M. le président. La parole est à M. Jean-Jacques Hyest.

M. Jean-Jacques Hyest. Monsieur le président, madame la ministre, mes chers collègues, il m’arrive rarement d’être d’accord avec Jean Louis Masson – Mme la ministre siégeait parmi nous et s’en souvient certainement –, mais je dois reconnaître que, depuis quelque temps, nous avons une manière pour le moins chaotique de légiférer sur les collectivités locales… Je ne referai pas l’historique de ce texte, Jean-Pierre Sueur ayant très bien expliqué les raisons qui l’ont conduit à déposer cette proposition de loi.

Nous votons ici des dispositions, mais elles sont rejetées par l'Assemblée nationale, qui nous renvoie sans ménagement à nos chères études…

Il est vrai que, sur tout ce qui a trait aux collectivités locales, il y a parfois des incompréhensions entre les deux assemblées, mais, rassurez-vous, madame la ministre, cela n'est pas nouveau ! (Sourires.) Je me rappelle certains débats sur des lois antérieures où la discussion n’avait pas été facile et des dispositions sur lesquelles le Sénat n'a pas toujours été écouté.

Même si ce texte est indispensable, je ferai tout de même une réflexion : les élus locaux y perdent leur latin ! Ces dispositifs complexes, ces systèmes de fléchage sont très difficiles à expliquer. On leur dit qu’il faut prendre l'ordre du tableau, mais alors ce n'est plus une élection. On ne sait pas a priori qui sera délégué communautaire : cela peut être le maire ou l’adjoint, mais, s’ils renoncent, le conseil municipal désigne le remplaçant. Cela revient pratiquement au système applicable antérieurement dans les communes de moins de 1 000 habitants – je n’évoque pas le cas des communes plus importantes.

On a décidé de maintenir la fiction selon laquelle les conseillers communautaires seraient désignés au suffrage universel, pas directement – il ne faudrait tout de même pas abuser ! –, mais par le fléchage.

Je ne fais pas de reproche particulier à ce système qui, je dois l’avouer, figurait déjà dans le projet de loi de 2010, mais, comme nous n'avons pas eu la chance, ou le bonheur, de voter à l’époque cette partie de la loi, je peux dire ce que je pense de l’actuelle proposition de loi ! (Sourires.)

Ce texte a reçu le « brevet Richard » : le rapporteur l’a corrigé sur de nombreux points, notamment pour donner davantage de souplesse au fléchage, ce qui était indispensable pour éviter les difficultés, notamment entre majorité et opposition, auxquelles nous pourrions être confrontés.

Je crains néanmoins de nombreux contentieux, en raison d’erreurs commises lors des opérations électorales.
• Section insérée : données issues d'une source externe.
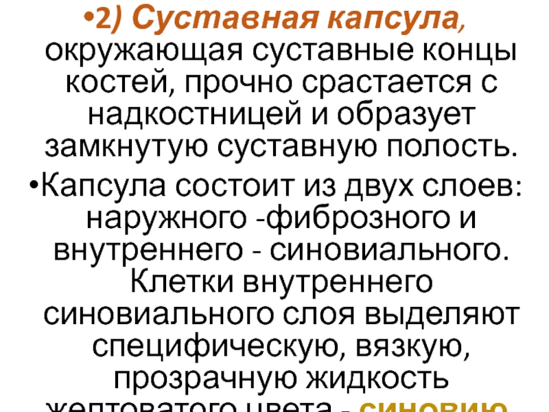 Слайд 272) Суставная капсула, окружающая суставные концы костей, прочно срастается с

M. Alain Fouché. Les avocats vont se régaler…

M. Jean-Jacques Hyest. Je plains les services préfectoraux. C'est hélas ! la conséquence de dispositifs de plus en plus compliqués.

Sur les incompatibilités, je ne voterai pas la disposition proposée, car je considère qu'être à la fois délégué communautaire et salarié d'une commune de l’EPCI relève d’une trop grande proximité.

On me dit que ce ne sont pas les mêmes collectivités, certes, mais, de manière générale, et c’est la raison d’être des incompatibilités, cela finit par être malsain d’être salarié d'une structure et, en même temps, élu d'une autre structure, les deux n’étant pas étrangères l’une à l’autre. Je le dis notamment pour certaines collectivités.

En revanche, pour tout ce qui concerne les modalités de fléchage, nous sommes d'accord. D'ailleurs, nous les avions votées en commission et en première lecture.

Reste un sujet compliqué : celui des sections électorales, bien entendu. Je dois avouer que nous sommes partagés. Elles sont issues, le plus souvent, de la loi de 1971, dite « loi Marcellin ». Il se trouve que, pour être entré dans l'administration au moment où l'on opérait les fusions de communes, j’ai quelque connaissance du sujet et le privilège d’avoir pu observer que, dans certains départements – contrairement à ce que dit M. Sueur –, beaucoup de districts ont été comme les prémices des communautés de communes. Cela a très bien fonctionné dans mon département, où les districts sont devenus, sans problèmes particuliers, des communautés de communes exerçant de très larges compétences.